= Jonathan Grossman =

English professor (born 1967)

Jonathan Hamilton Grossman (born April 17, 1967) is a professor of English at the University of California, Los Angeles (UCLA). He specializes in nineteenth-century British literature.

== Biography ==
Grossman was born in Oxford, England, in 1967 to Marc and Penelope Grossman. He attended Milton Academy in Milton, Massachusetts. He received his Bachelor of Arts in English and religion from Brown University in 1989, and his PhD in English from the University of Pennsylvania in 1996.

== Scholarship ==
Grossman's first book, The Art of Alibi: English Law Courts and the Novel, was published by The Johns Hopkins University Press in 2002. The book examines early nineteenth-century crime fiction's relation to the law courts prior to detective fiction's invention in the 1840s. It falls into the interdisciplinary field of law and literature as well as early Victorian studies.

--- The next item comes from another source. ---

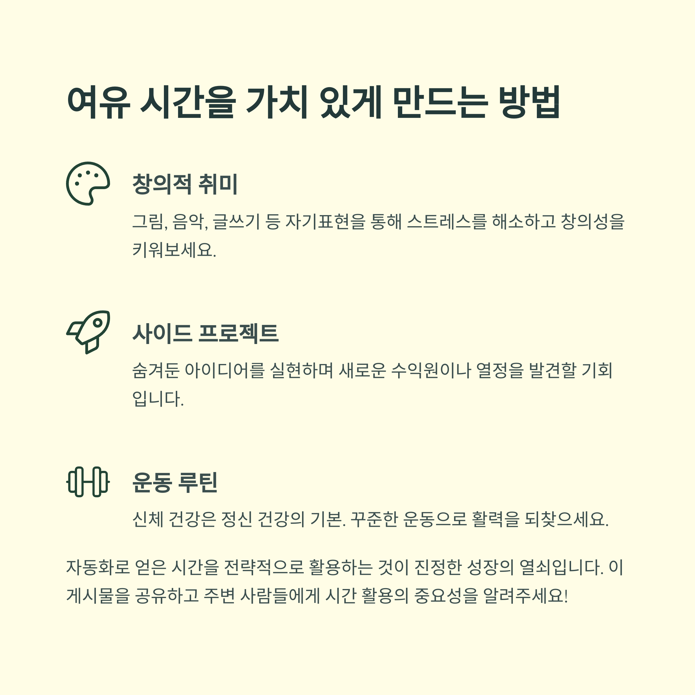 자동화 시스템이 일상과 업무 전반에 도입되면서 반복적인 작업에서 벗어나는 사람들이 늘고 있습니다. 이렇게 생긴 여유 시간은 단순한 쉼이 아닌 새로운 가능성의 시작입니다. 이번 글에서는 자동화 덕분에 확보한 시간으로 무엇을 할 수 있는지, 실제 생활에서 어떻게 활용하면 좋을지 구체적인 방안을 정리해 보았습니다.

Charles Dickens's Networks: Public transport and the Novel (Oxford), his second book, examines the history of public transport's systematic networking of people and how this revolutionized perceptions of time, space, and community, and how the art form of the novel played a special role in synthesizing and understanding that revolution. Focusing on a trio of road novels by Charles Dickens, this study looks first at a key historical moment in the networked community's coming together, then at a subsequent recognition of its tragic limits, and, finally, at the construction of a revised view that expressed the precarious, limited omniscient perspective by which passengers came to imagine their journeying in the network.

Since 2011, Grossman has been co-editor of the journal Nineteenth-Century Literature.

Grossman's academic interests include the history, form, and sociology of the novel, and narrative and temporality.